Concussions double between seasons for 3 college football teams: Better diagnosis?
Preliminary research presented today at the American Orthopaedic Society for Sports Medicine's annual meeting in Baltimore finds a significant increase in the number of concussions reported at three college football programs between seasons.
The study compared concussion rates among football players who played for the Army, Navy and Air Force teams during the 2009-2010 season with rates for the 2010-2011 seasons, and found the number of concussion jumped from 23 reports to 42 reports in that time span.
During the study period, all players were between 18 and 22. During a given practice, about 150 players participate and during games, 90 players suit up.
The findings may not however indicate that more players are getting hurt, but may be a function of increased awareness and new concussion measures the NCAA put in place in April 2010.
The current guidelines call for a process for annual education for student-athletes about signs and symptoms of concussions, a requirement that says athletes displaying concussion symptoms should be removed from athletic activity and evaluated by medical staff, a policy that precludes student-athletes diagnosed with concussions from returning to the game the same day and a policy that requires medical clearance from a physician to return to athletic activity.

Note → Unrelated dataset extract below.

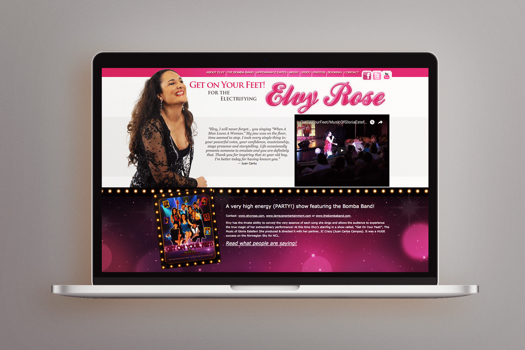 Website design for entertainer, Elvy Rose, to showcase performances, news and upcoming dates.

"The timing of the new NCAA regulations and the increase in reported concussions could certainly be attributed to under-reporting from players and coaches in the past," study author Dr. Kelly Kilcoyne, a researcher at Walter Reed National Military Medical Center in Washington, DC., said in a press release. "Such an increase is still notable, and we need continued studies in football and other sports to find out more."

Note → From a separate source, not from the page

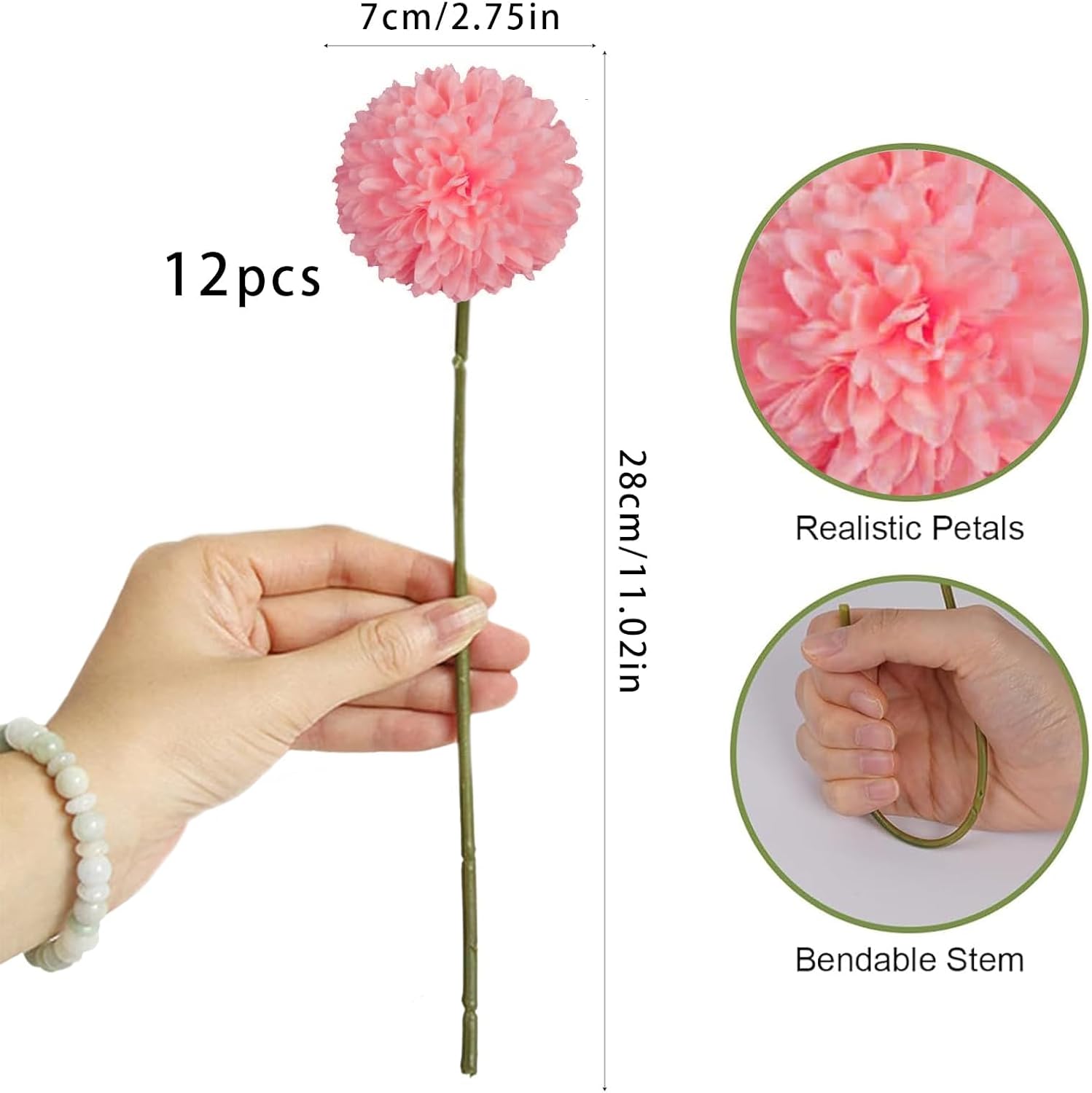 • Информация за опаковката: изкуствени цветя и растения. Съдържа 12 хризантеми, отделните стъбла са високи приблизително 28 см, а цветните главички имат диаметър приблизително 7 см. Стъблата могат да се огъват и режат по желание, което ги прави подходящи за букети „Направи си сам“ и добавят текстура към всеки класически дизайн на букет.

About 1.6 to 3.8 million concussions occur in sports and recreation activities each year, according to the NCAA. Symptoms may vary in sufferers, but the Mayo Clinic says symptoms could include headache, temporary loss of consciousness, confusion or a foggy feeling, amnesia surrounding the trauma, ringing in the ears, "seeing stars," and nausea or vomiting. Hours or days after the injury, symptoms may progress to depression, sleep disturbances, personality changes, sensitivity to light and noise, and memory problems.
"If they sustain head trauma or concussions in their late teens and early 20s, the window for repetitive injury is lengthened," Dr. Robert Glatter, an emergency medicine physician at Lenox Hill Hospital in New York City, told HealthDay. "The long-term complications of repetitive head trauma can have lasting effects on younger athletes into their adult years."

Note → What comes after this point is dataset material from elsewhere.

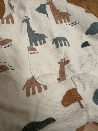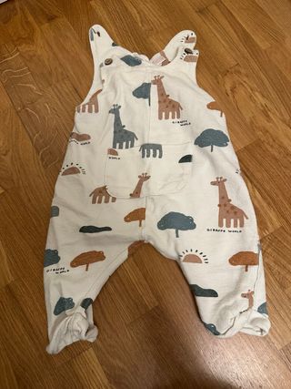 Peto de Zara para bebé, talla 3-6 meses, con un divertido estampado de jirafas y elementos de la naturaleza. - Diseño con estampado de jirafas, árboles y soles. - Tejido suave y cómodo. - Cierre con botones en los tirantes. - Pies incorporados.

Repeated blows to the head and concussion over time has been tied to the degenerative brain disease, chronic traumatic encephalopathy (CTE), as evidenced from brains donated posthumously from the families of football players, boxers and hockey players.
According to Boston University's Center for the Study of Traumatic Encephalopathy, CTE evidence has been seen in college-age athletes, namely 21-year-old University of Pennsylvania offensive lineman Owen Thomas was found to have the disease following his 2010 death from suicide.
The concussion issue has come to a head in recent years, with suicides of high-profile NFL players such as Dave Duerson and Junior Seau. Duerson's brain was found to have evidence of CTE in an autopsy following his February 2011 death. The family of Junior Seau agreed on Thursday to donate his brain to research.